Chapter 9. Modifying and Jury-Rigging Modules

Although there are over 25,000 distributions in CPAN, sometimes it doesn’t have exactly what I need. Sometimes a module has a bug or needs a new feature. I have several options for fixing things, whether or not the module’s author accepts my changes. The trick is to leave the module source the same but still fix the problem.

I can do several things to fix a module, and no solution is the right answer for every situation. I like to go with the solutions that mean the least amount of work for me and the most benefit for the Perl community, although those aren’t always compatible. For the rest of this section, I won’t give you a straight answer. All I can do is point out some of the issues involved so you can figure out what’s best for your situation.

The least amount of work in most cases is to fix anything I need and send a patch to the author so that he can incorporate it in the next release of the module. There’s even a bug tracker for every CPAN module, and the module author automatically gets an email notifying him about the issue.

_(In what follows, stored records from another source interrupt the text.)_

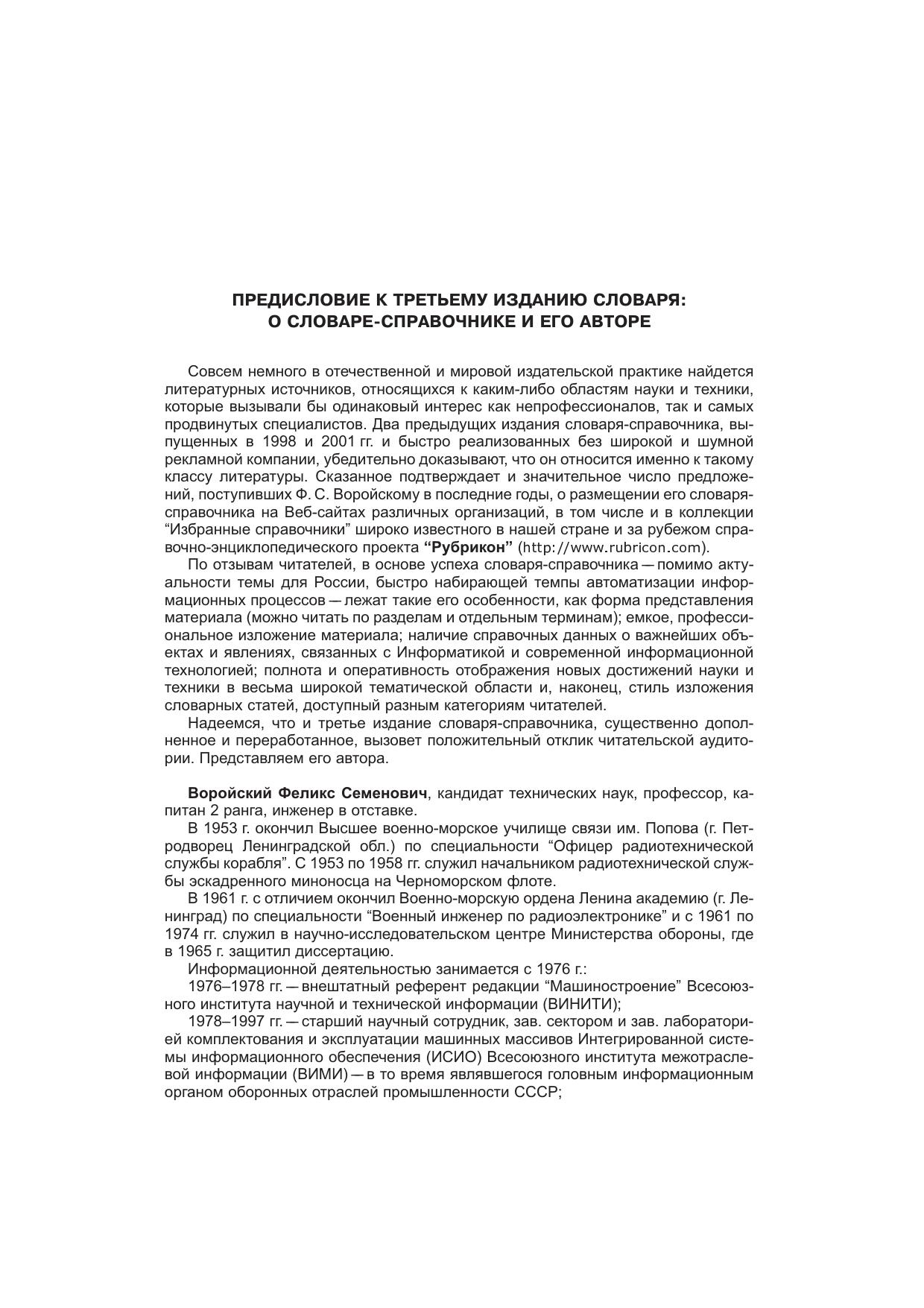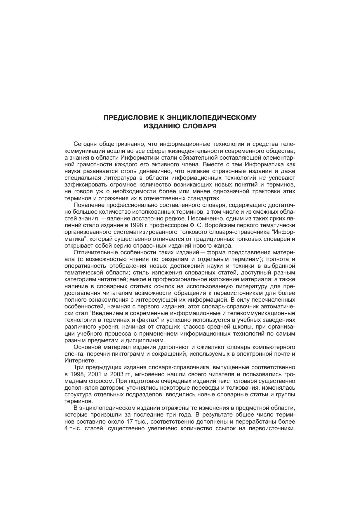 Энциклопедический словарь-справочник содержит более 18 тыс. русско- и англоязычных терминов, тематически систематизированных по следующим крупным разделам: I. Основы информационной технологии II. Автоматизация информационных процессов и автоматизированные системы (АС) III. Техническое обеспечение АС IV. Программное обеспечение АС V. Мультимедиа, гипермедиа, виртуальная реальность, машинное зрение VI. Сетевые технологии обработки и передачи данных VII. Компьютерный и сетевой сленг VIII. Пиктограммы, использующиеся в электронной почте IX. Сокращения слов и выражений, использующиеся винтернете. Словарные статьи носят расширенный характер и включают в себя справочные данные об объектах описания, а также ссылки на первичные документальные источники для более полного ознакомления с ними заинтересованных в этом пользователей. Структура и содержание словаря позволяют использовать его для систематизированного изучения материалов по интересующим читателя тематическим разделам и подразделам, производитьп редварительную проработку решений, связанных с проектированием разнородных автоматизированных информационных и телекоммуникационных систем, а также готовитьн аего основе учебно-методические, обзорные, справочные и др. документы. Словарь ориентирован на широкий круг пользователей, профессиональная деятельностьили интересы которых связаны с современными информационными технологиями.
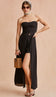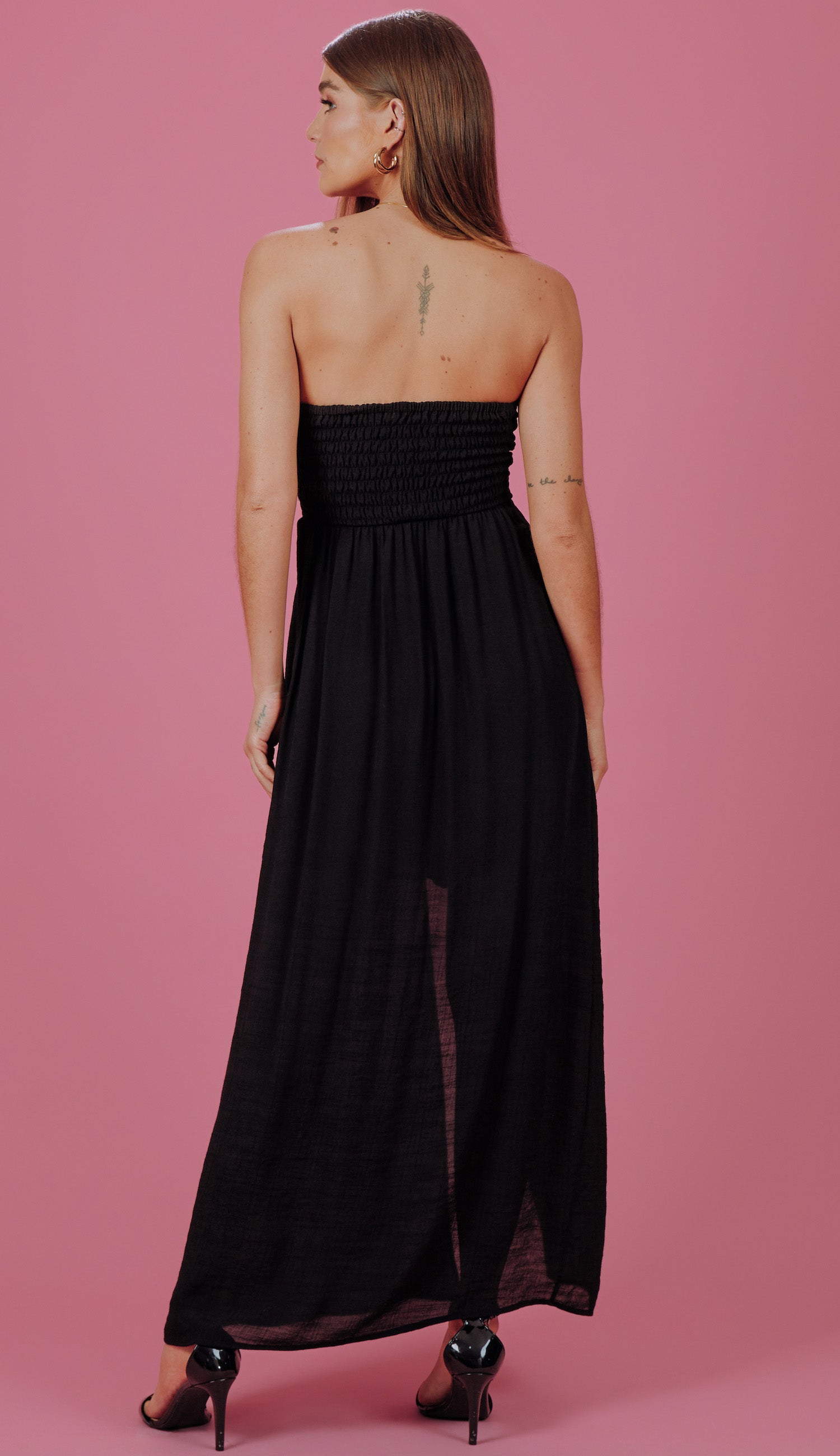 Conjunto com forro, confeccionado em poliviscose texturizado com aspecto de linho. O vestido é longo e não tem mangas; possui decote coração com silicone interno para maior conforto, recortes que modelam o busto, pala na cintura com barbatanas para estruturar a peça, lastex nas costas para maior conforto e fenda frontal deixando a parte de baixo à mostra. O shorts possui modelagem soltinha, pala no cós e fechamento lateral por zíper invisível.
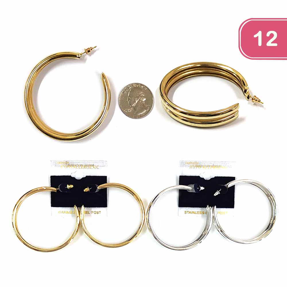 FASHION 3 PAIR HOOP EARRING 12 UNITS
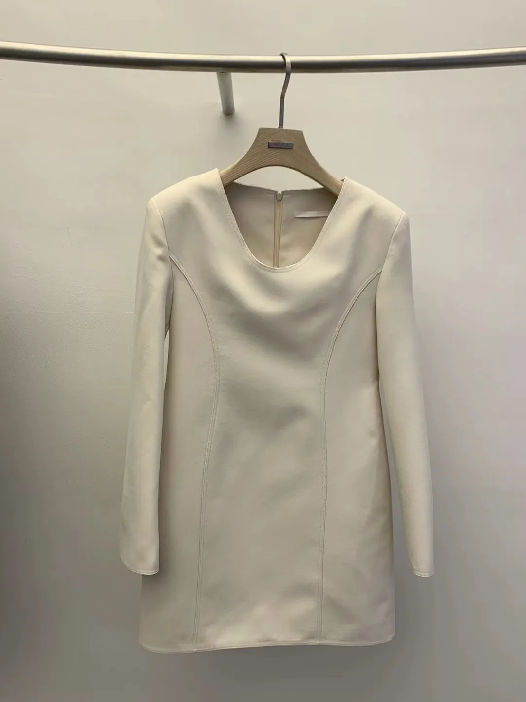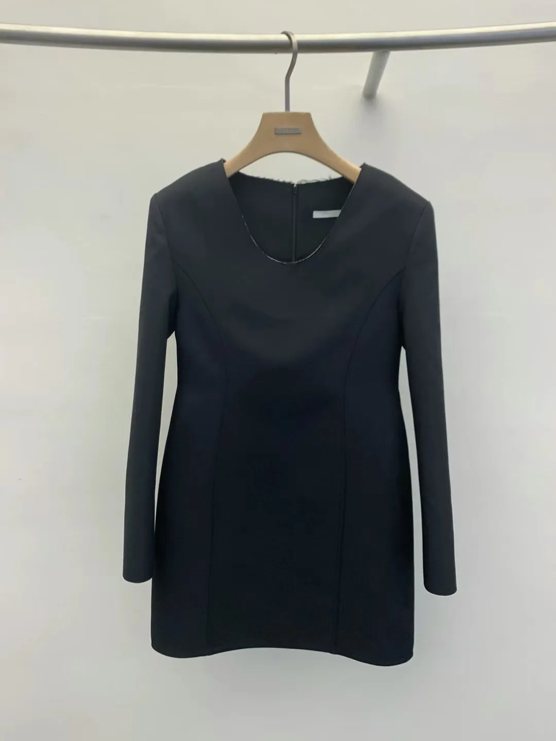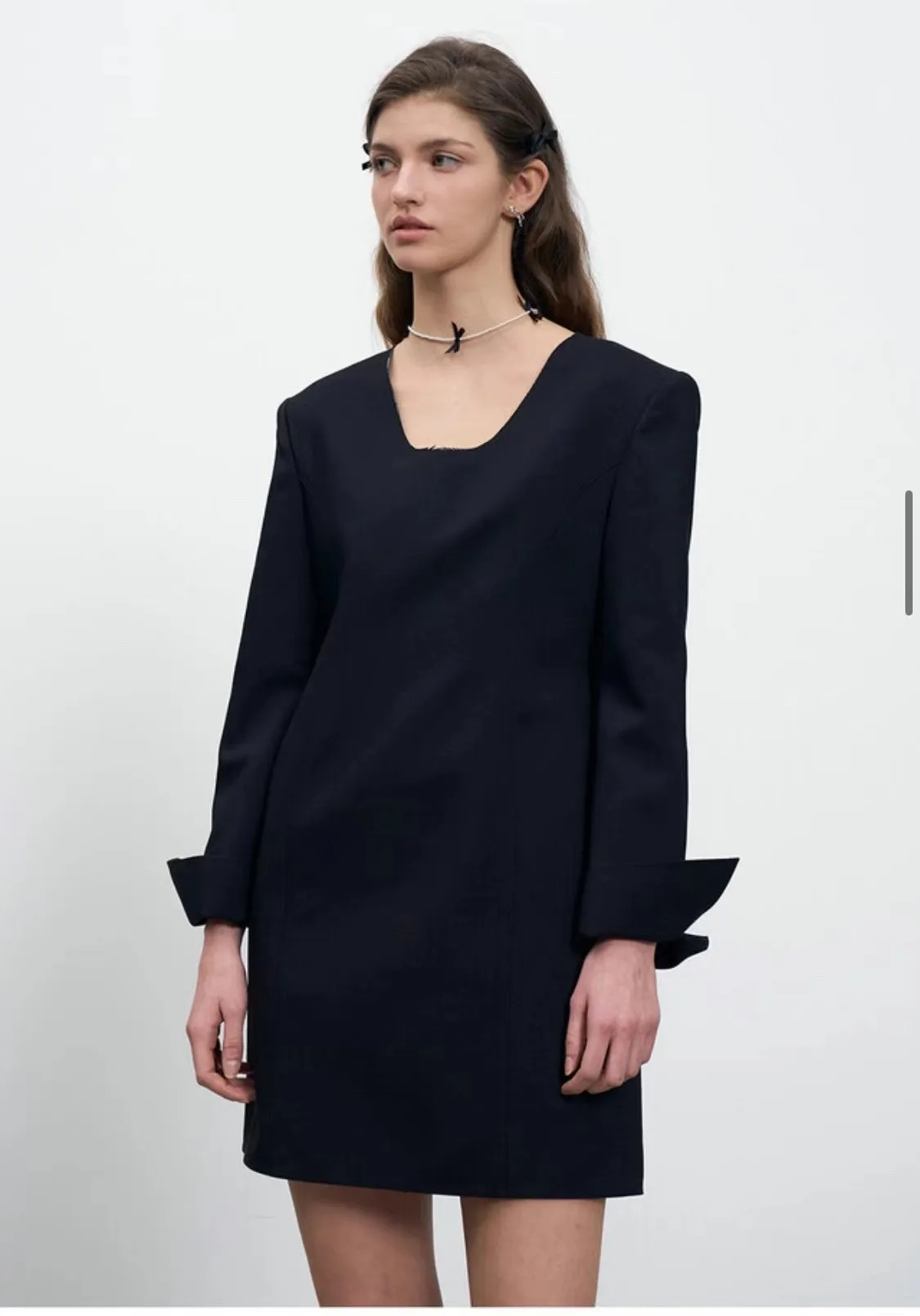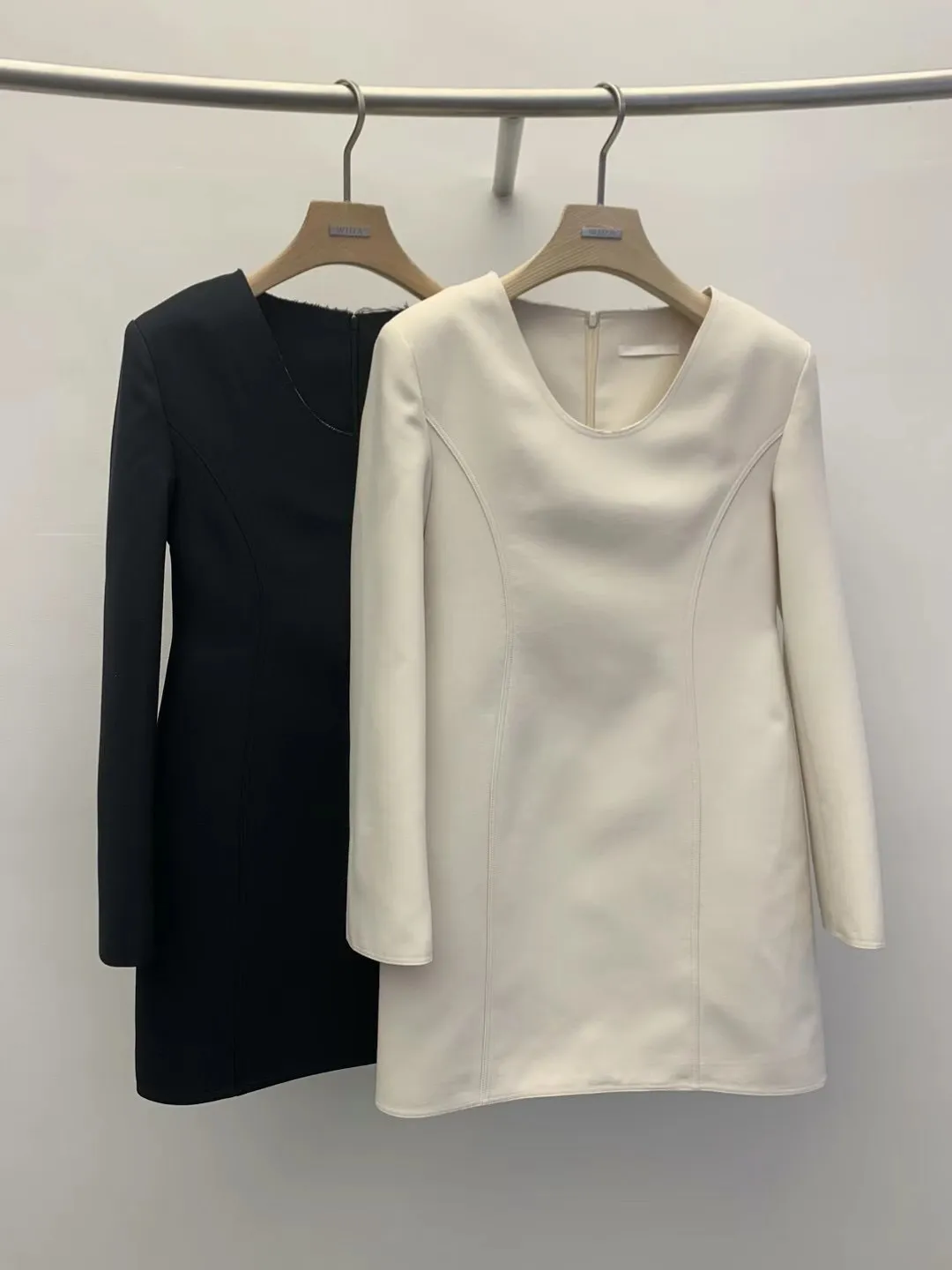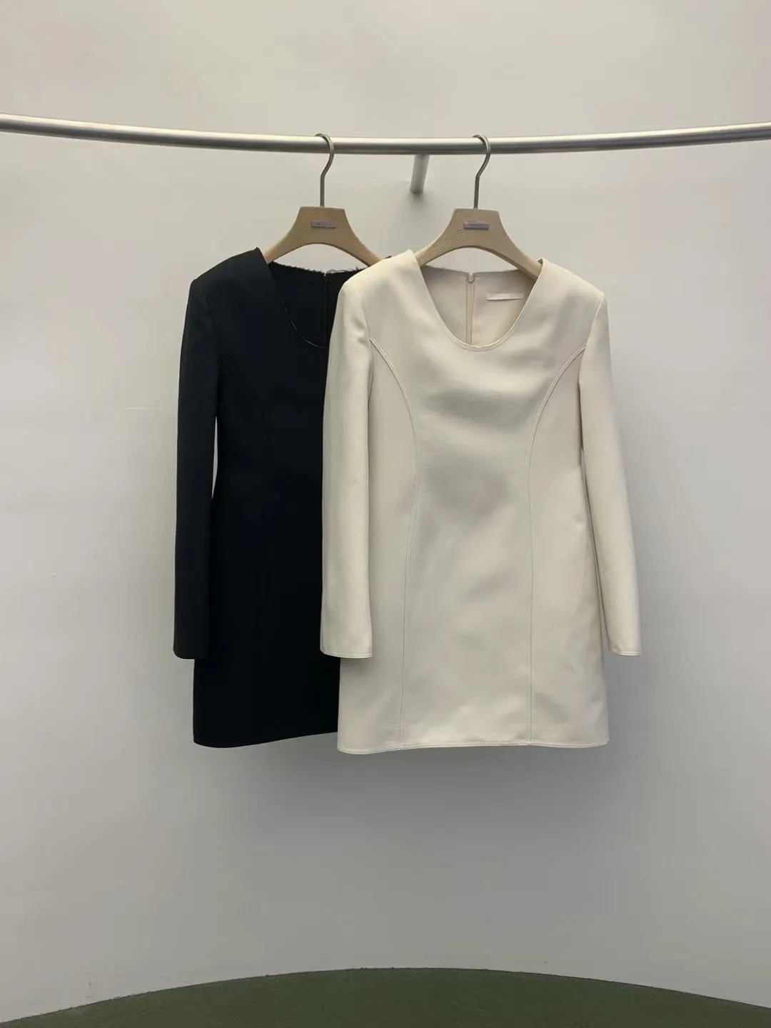 高端設計師品牌 氣質簡約U領顯瘦收腰長袖連衣裙

Sometimes the author is available, has time to work on the module, and releases a new distribution. In that case, I’m done. On the other hand, CPAN is mostly the result of a lot of volunteer work, so the author may not have enough free time to commit to something that won’t pay his rent or put food in his mouth. Even the most conscientious module maintainer gets busy sometimes.

To be fair, even the seemingly simplest fixes aren’t trivial matters to all module maintainers. Patches hardly ever come with corresponding updates to the tests or documentation, and the patches might have consequences to other parts of the modules or to portability. Furthermore, patch submitters tend to change the interface in ways that work for them but somehow make the rest of the interface inconsistent. Things that seem like five minutes to the submitter might seem like a couple of hours to the maintainer, so they make it onto the To-Do list, but not the Done list.

When I’ve made my fix I get the diff, which is just the parts of the file that have changed. The diff command creates the patch:

% diff -u original_file updated_file  original_file.diff>

The patch shows which changes someone needs to make to the original version to get my new version:

% diff -u -d ISBN.pm.dist ISBN.pm
--- ISBN.pm.dist        2007-02-05 00:26:27.000000000 -0500
+++ ISBN.pm     2007-02-05 00:27:57.000000000 -0500
@@ -59,8 +59,8 @@
        $self->{'isbn'}      = $common_data;
        if($isbn13)
        {
-               $self->{'positions'} = [12];
-               ${$self->{'positions'}}[3] = 3;
+               $self->{'positions'}    = [12];
+               $self->{'positions'}[3] = 3;
        }
        else
        { $self->{'positions'} = [9]; }

The author can take the diff and apply it to his source using the patch program, which can read the diff to figure out the file and what it needs to do to update it:

% patch < original_file.diff

That’s the low-tech version. With Git (and many other lightweight source control systems), I can import the distribution into Git, make my changes, and make my patch from that. Once I have the distribution downloaded and unpacked and I change into that directory, I set up the repository and get to work:

% git init; git add .; git commit -a -m 'Original sources'
... make changes ...
% git format-patch --stdout -1

Yanick Champoux turned this idea into Git::CPAN::Patch, which automates most of the process for me. It defines a Git command that I call as git-cpan, which handles downloading the latest version of the module and creating the repository:

% git-cpan clone Foo::Bar
% cd Foo::Bar
... make changes ...
% git commit -a -m 'I made some changes'

When I’m done working, it’s easy for me to send the patch:

% git-cpan sendpatch

The last resort is forking, or creating a parallel distribution next to the official one. This is a danger of any popular open source project, but it’s been only on very rare occasions that this has happened with a Perl module. PAUSE will allow me to upload a module with a name registered to another author. The module will show up on CPAN but PAUSE will not index it. Since it’s not in the index, the tools that work with CPAN won’t see it even though CPAN stores it. Sites such as CPAN Search and MetaCPAN may mark it as “unauthorized.”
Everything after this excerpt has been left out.